Saturday, June 11, 2011
Continuing my work on the Pure Python port, I did a small amount of profiling with the outstanding runsnakerun to determine what was bogging it down. As expected, the slow speed of Python's math operations -- and especially the matrix and vector operations -- were the major bottleneck.
Having said that, it would appear that there's very little I can do for the Pure Python port to speed it up. If you followed the previous post, you'll know that I tried PyPy (it works after a large number of iterations) and Cython (faster, but still not so great). I considered using some library like NumPy to get its matrix and vector functionality, but including such a massive library just for this tiny physics library just felt wrong.
I stumbled upon quite a few matrix and vector C extensions for Python, notably Casey Duncan's excellent Planar project. However, there were always issues with all of the ones I found: not supporting tuples in place of vector and matrix types, immutable vectors (though this can be a good thing for other projects which don't expect it), and just the general headache of requiring restructuring all of the pypybox2d code that already relies on vector and matrix classes with certain properties and functions. [side-note: were it not for this project, I would definitely be using the Planar library.]
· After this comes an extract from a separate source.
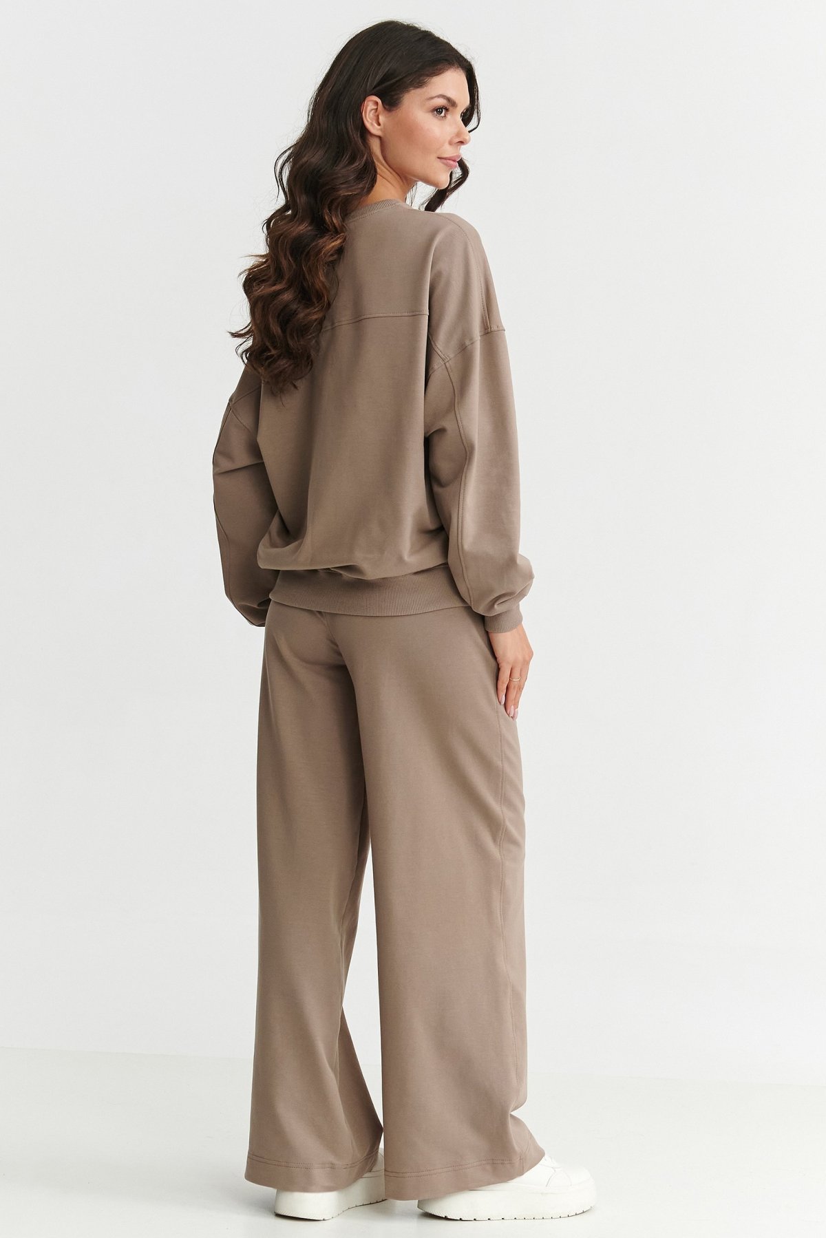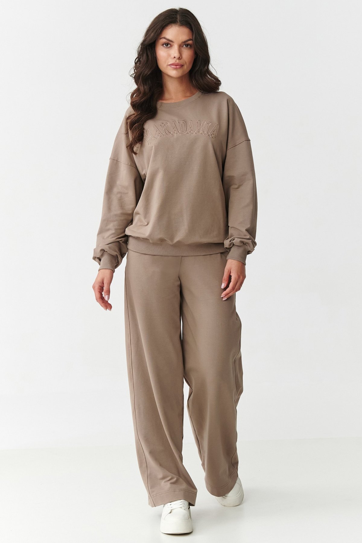 Vsaďte na perfektní spojení pohodlí a moderního vzhledu! Dámská tepláková souprava, která se hodí pro každodenní nošení, ale využijete ji i na neformální schůzky nebo jen tak pro domácí relax. Souprava je vyrobena z kombinace bavlny a elastanu. Díky tomu je zaručeno pohodlí a perfektní přizpůsobení křivkám. Mikina má klasický střih s kulatým dekoltem. Lehce snížená linie ramen vypadá žensky a stylově. Mírně oversize styl působí svěže a moderně. Výšivka na přední straně dodává ten správný šmrnc. Kalhoty jsou výjimečné samy o sobě. Mají totiž poměrně široký střih nohavic. Hezky se prezentují na křivkách v pohybu. Dodávají postavě lehkost a souměrnost. Pružný pas a praktické kapsy zvyšují jedinečnost modelu. Teplákovku si můžete vybrat ve vhodné barvě, která podtrhne vaši individualitu. Každá si najde tu pravou. Ideální komplet pro každé roční období.

In short, and for better or worse, I re-invented the wheel, creating pure C extensions for the Vec2, Mat22, Transform, and AABB types (should be compatible with Python 2.5~3.2, but let me know your results). Performance significantly improved (sorry, I don't have any benchmarks right now -- but run any of the testbed tests and you'll feel it). Most of the testbed tests run "fast enough". Exceptions include the pyramid and vertical stack ones, which have altogether too many contacts, and the solver gets very slow.
After adding pickling support for the above classes, I then really wanted to give multiprocessing a go. I made a simple test with a set of processes dedicated to doing shape distance calculations (i.e., consumers). I passed in thousands and thousands of shapes and transforms, and it properly generated the results. Unfortunately, comparing it to the single process version, regardless of the number of input sets, the multi-process version was on the order of 10-50x (!) slower -- not even including the time it took to start the processes. All of the overhead, presumably from synchronization and pickling the objects to pass between processes is just too expensive. It looks as if this will not be a viable option for a real-time physics engine.
Now, where to go from here? I'm stumped -- err, I mean -- I'm open to suggestions!